記者会見で質問に答える日銀の黒田総裁=19日午後、日銀本店【拡大】
安倍晋三首相が消費税再増税の延期を表明したことで景気の腰折れ懸念が後退し、日銀の「2年で2%」の物価目標には追い風との見方が広がる。ただ、日銀内では、財政再建を先送りした政府への不満も一部でくすぶる。蜜月関係だった政府と日銀の間に“すきま風”が吹く恐れがある。
■はしご外しだ
「(再増税延期は)政府・国会が議論し、決定されること」
19日、日銀の黒田東彦総裁は金融政策決定会合後の記者会見で淡々と語った。
ただ、黒田総裁は今月中旬、国会に参考人として呼ばれた際、「追加緩和は再増税が前提だった」と説明している。黒田総裁が再増税にこだわったのは、日銀と政府が平成25年1月に結んだアコード(共同声明)があったからだ。
声明で日銀は物価目標の早期達成を、政府は財政健全化の推進をそれぞれ約束した。ある日銀幹部は消費税再増税の先送りに「約束違反。(首相)官邸にはしごを外された」と憤る。
日銀は10月末、追加の金融緩和で長期国債の購入量を年50兆円から、国の新規発行額を大きく上回る80兆円に増やした。

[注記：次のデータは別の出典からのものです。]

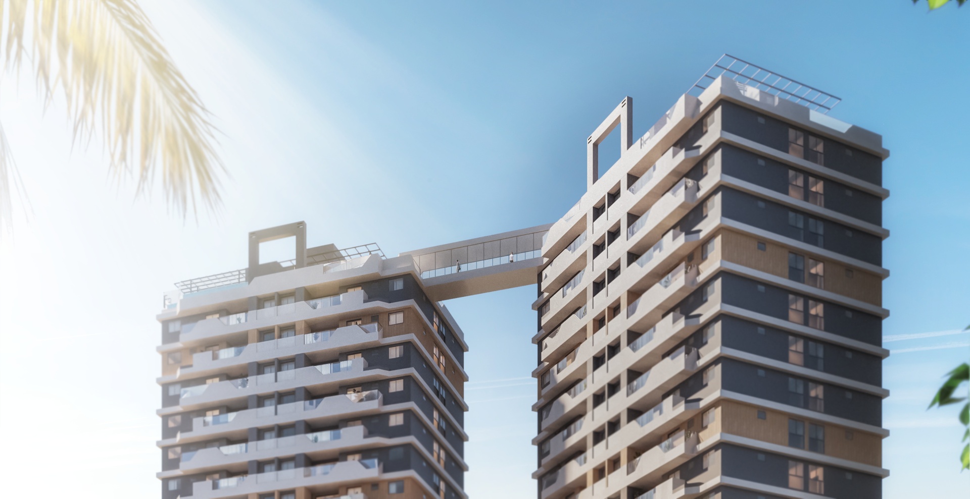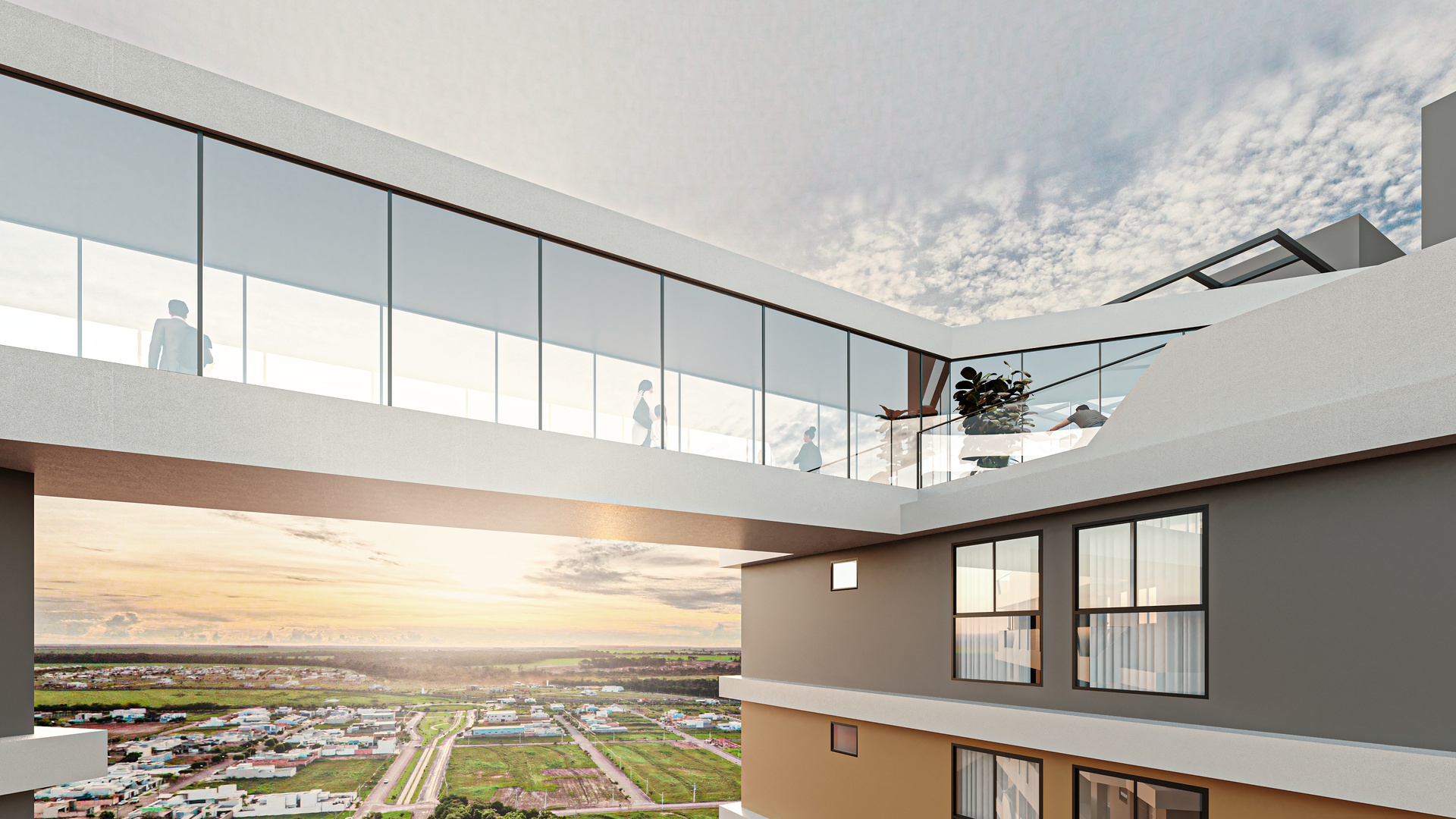 Entre os elementos arquitetônicos de destaque, está a passarela de contemplação a 64 metros de altura, que conecta as torres e oferece vista privilegiada da cidade — um dos pontos que reforçam o caráter icônico do empreendimento.

今後、政府の財政健全化が滞れば、中央銀行が政府の赤字を補填(ほてん)する「財政ファイナンス」とみなされ、将来的に金利が急騰(価格は急落)するリスクが高まる。
JPモルガン・アセット・マネジメントの重見吉徳氏は「日銀は予想外の追加緩和で市場の背後を突いたが、その直後に安倍首相に背後を突かれた。黒田総裁は誰とも顔を合わせたくない心境だろう」と分析する。
■物価目標には有利
一方、再増税の延期で実質賃金の減少が先送りとなり、企業や家計のマインドが改善すれば、2%の物価目標の達成が近づく可能性もある。
農林中金総合研究所の南武志氏は「今後、うまく賃上げできれば、再増税(29年4月)直前の28年度末にも2%に到達する可能性が出てくる」と予想する。
黒田総裁は会見で「半年ごとの展望リポートで、必要に応じて経済成長率と物価の見通しを修正する」と述べるに留めた。だが、日銀の一部の幹部からも「再増税の延期は、足元の景気にはプラス材料」との“本音”も飛び出す。